Figure 10 discloses a deflector 8f which allows creating a plurality of pores 2 in a biological tissue. Figure 4 discloses a scanner able to move the laser beam 4 in such a way on the skin 1 , that an incision, for example along a straight line, may be created. Similar, the laser device 10 disclosed in figure 1 allows creating a path 2d of pores 2, as disclosed in figure 15, the individual pores 2 laying one beside the other, leaving no side wall between consecutive pores 2. The path 2 indicates by example about how the pores 2 may be ablated to create a whole area of ablated tissue. The device and method according to the invention therefore allows, for example, to completely removing the stratum corneum of a predetermined area of the skin 1 , while not or only very little removing the epidermis. Figure 5 discloses such a removal of the stratum corneum only for a two dimensional incision. The method disclosed in figure 15 allows a three dimensional removal of the stratum corneum. In a further method to operate the laser device, it might be advantageous to measure reflected of the pore 2 not for each consecutive pore, but only after a view pores 2 are created without measuring reflected light. In the method disclosed in figure 15, for example only for the pores 2 displayed in black back scattered light is measured to detect a tissue layer. Assuming that for the first black pore 2, 15 laser pulses 4 were needed to completely remove the stratum corneum, it can therefore be assumed that the next pore 2, arranged just beside the created pore 2, has similar properties, so that the same amount of 15 laser pulses is applied.

The device according to figure 10 may also be suitable to remove undesirable tissue Ig, for example from within the skin 1. Figure 16 shows a longitudinal section of the skin 1 with an undesirable tissue Ig. Figure 17 shows the same longitudinal section of the skin 1 with the removed undesirable tissue Ig. The undesirable tissue Ig was of three dimensional shape and could be completely removed, thereby destroying the healthy tissue as little as possible, and leaving a hole 11 in the skin 1. The consecutive series of individual pores 2 created by the method according to the invention can be recognised in that bottom of the hole 11 showing steps. The steps are formed

by the bottom line of the respective pore 2, and the total of the ablated pores 2 leaving a bottom area in the hole 11 showing these steps.
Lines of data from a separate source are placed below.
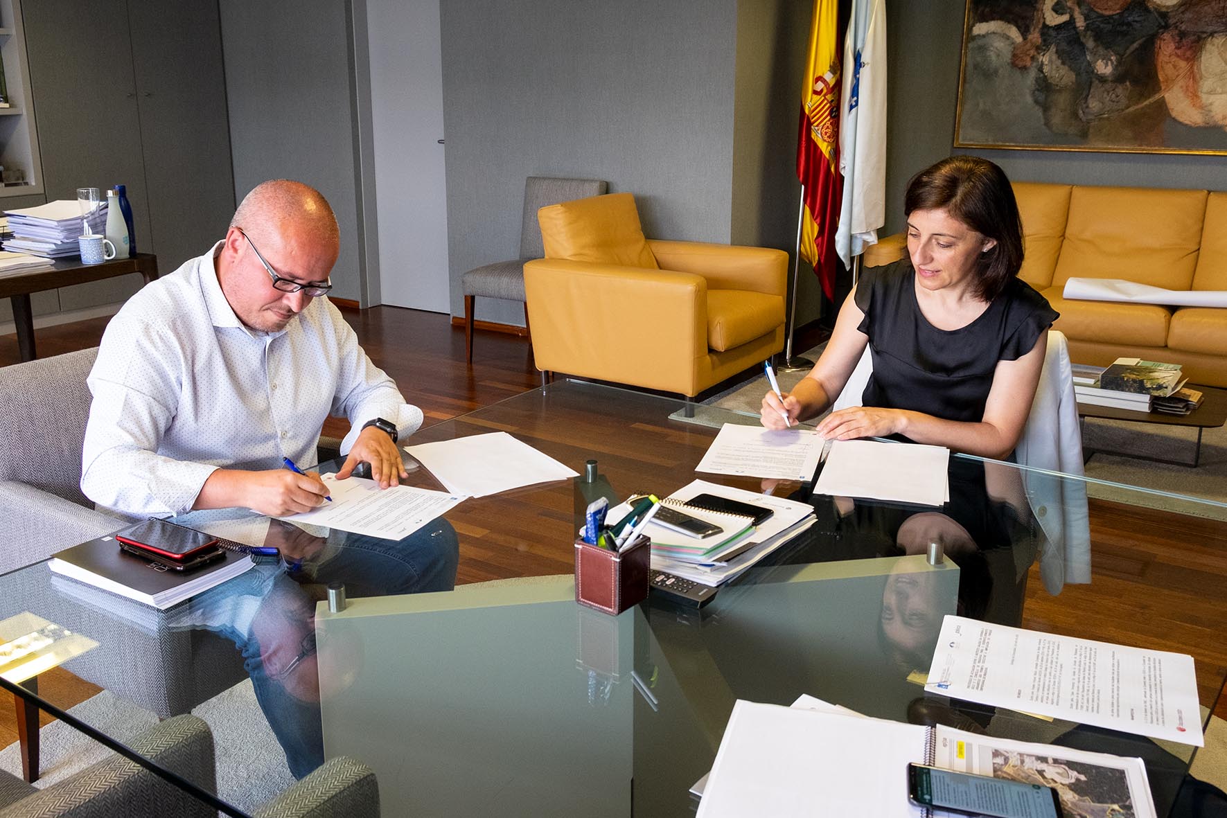 A conselleira de Medio Ambiente, Territorio e Vivenda, Ángeles Vázquez, trasladou esta mañá ao alcalde de Ribadavia, César Manuel Fernández Gil, a colaboración do Instituto Galego de Vivenda e Solo na ampliación do Polígono empresarial desta localidade. Así se recolle no protocolo de colaboración asinado esta mañá pola conselleira Vázquez e o rexedor municipal, polo cal o Concello de Ribadavia asumirá a modificación do plan parcial actual, co fin de adaptalo á normativa actual aplicable, así como as esixencias de sostibilidade requiridas.
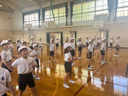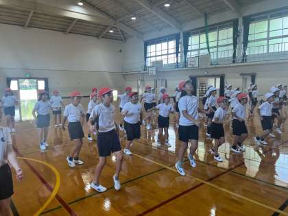 今日は、学年のみんなでダンスの練習をしました。
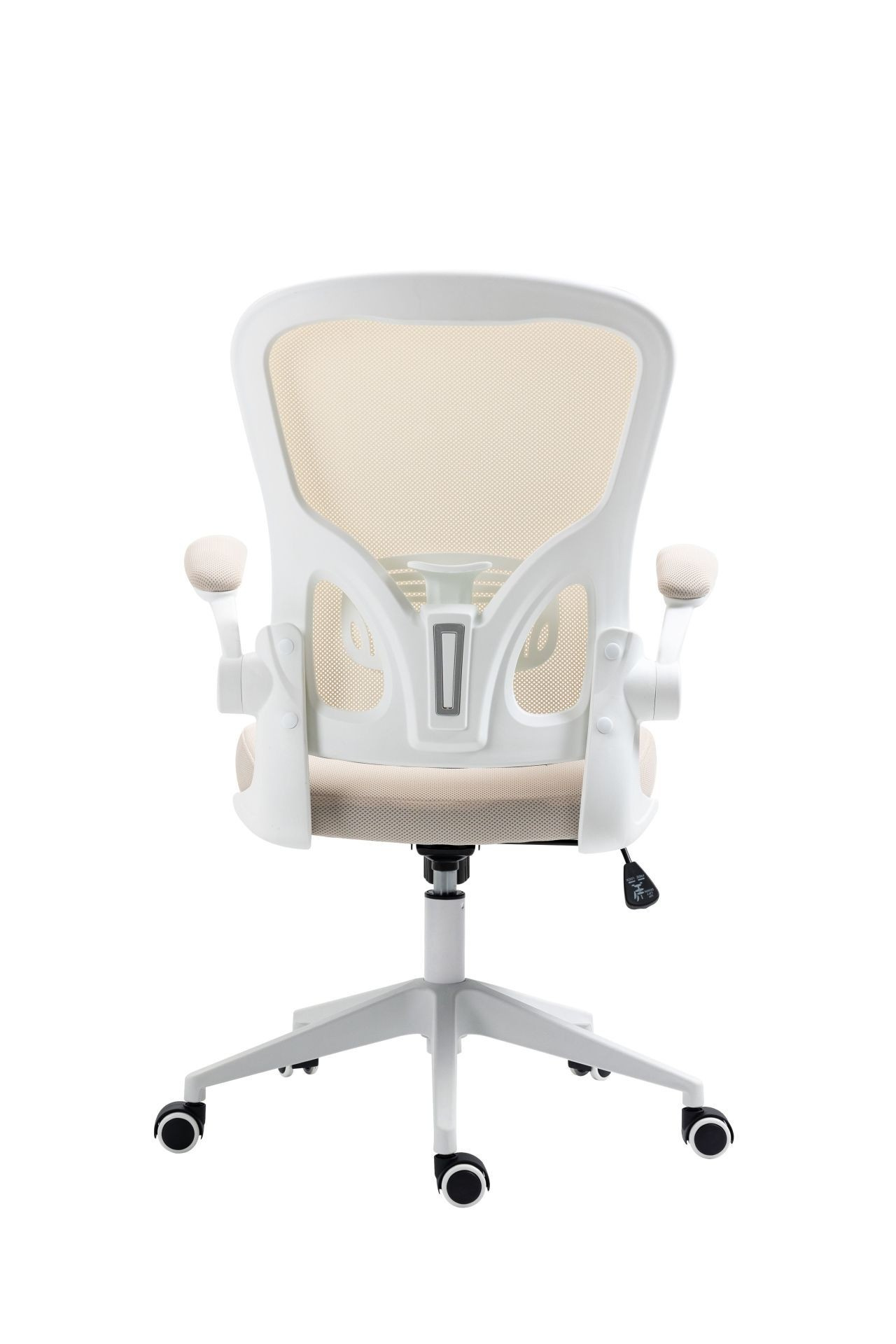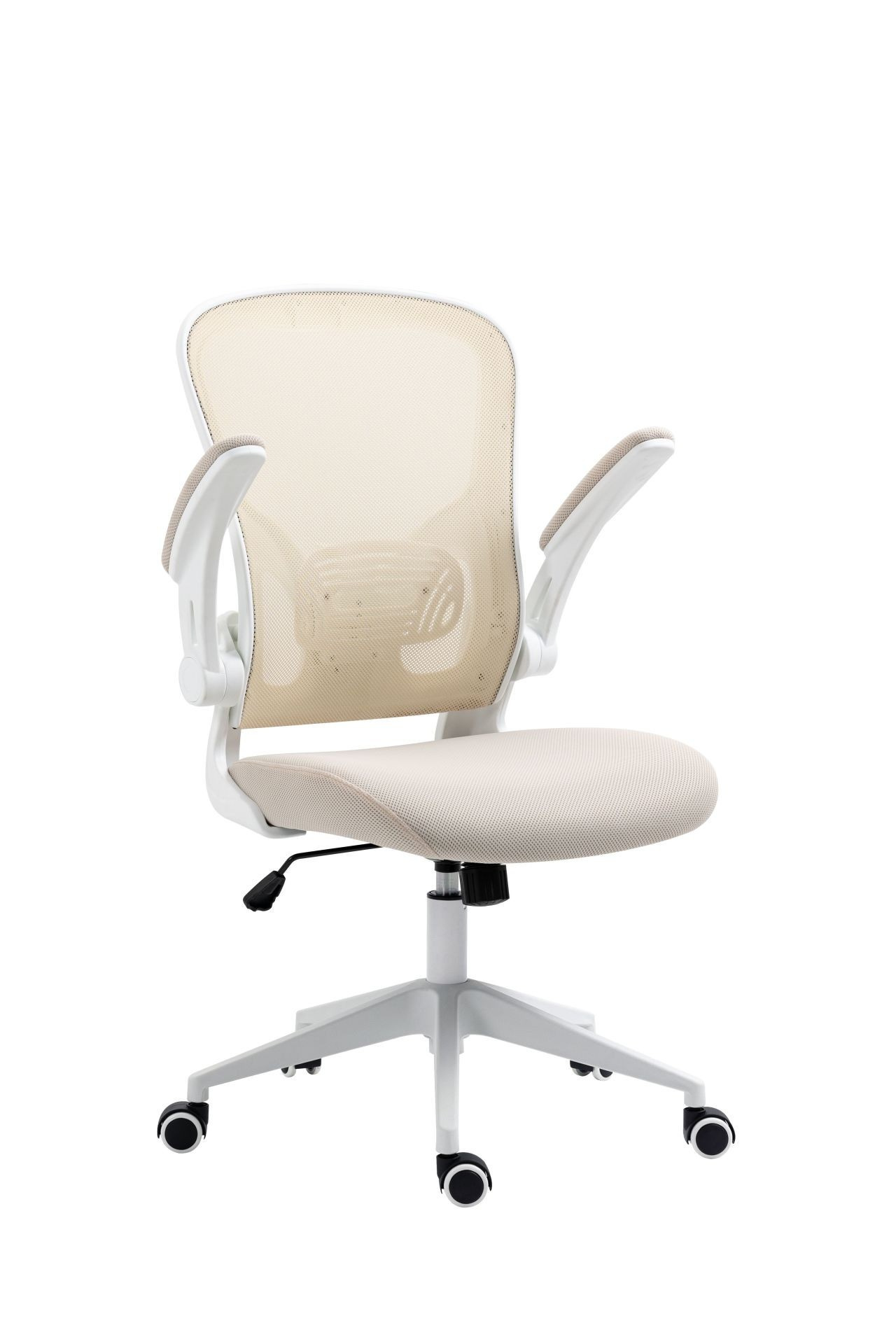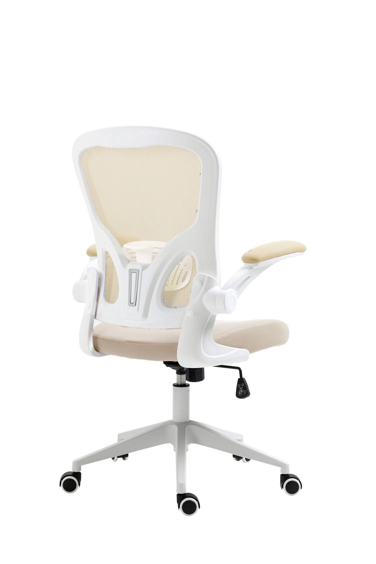 Rozměry: - celková šířka: 64 cm - šířka sedáku: 50 cm - hloubka sedáku: 44 cm - šířka opěradla: 50 cm - výška opěradla: 55 cm - celková výška: 96-110 cm - výška sedáku: 45-55 cm - výška područek: 69-79 cm Materiál: - čalounění: membránová tkanina + síťovina - základna a kolečka: PP plast Barva: - sedák + opěradlo: béžová - základna + područky: bílá Další: - mechanismus TILT - zvedací (skládací) područky
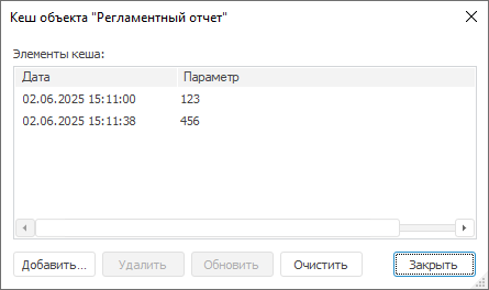 Для кеширования отчётов выполните команду контекстного меню «Кеш объекта» регламентного отчёта в навигаторе объектов. Откроется окно «Кеш объекта».
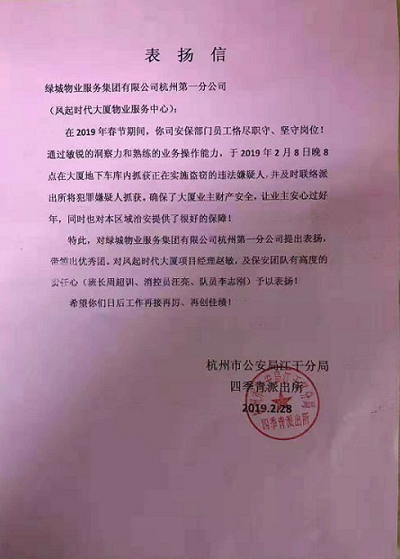 2019年2月28日,浙江绿城保安服务有限公司凤起时代大厦保安队收到一封来自“杭州市公安局江干分局四季青派出所”的表扬信,表扬我司保安队员恪尽职守、坚守岗位,不顾个人生命安危,通过敏锐的洞察力和熟练的业务操作水平抓获偷盗犯罪嫌疑人,确保了业主的生命和财产安全,维护了小区治安的稳定。

Even though only ablation of the skin is disclosed in the previous figures, the method and device can be used for detecting tissues of different properties in a wide variety of biological tissues, and is therefore not restricted to the skin.

To recognise properties of the tissue within a pore 2, also a two-dimensional sensor may be used, the sensor receiving back scattered light from the skin and the pore, and the skin and the pore being illuminated, for example by a light source. As soon as the pore depth reaches the epidermis, the pore becomes very dark, because the high water content of the epidermis omits the reflection of the light. Further because the laser beam dehydrates tissue, there is a strong contrast between the tissue not being directly hit by the laser beam but being dehydrated, this tissue highly reflecting the light due to the effect that the tissue id dried. The properties of the pores, respectively the skin within the pore, may be recognised using a two dimensional sensor to receive back scattered light from the pore and the surface of the skin. As soon as a pore becomes very dark on the sensor, this indicated that the pore reached the epidermis. There is a plurality of known methods for two dimensional picture analysis, which would be suitable to be used for the detection of pores, and in particular for the detection that the pore reached a different tissue layer such as the epidermis or dermis.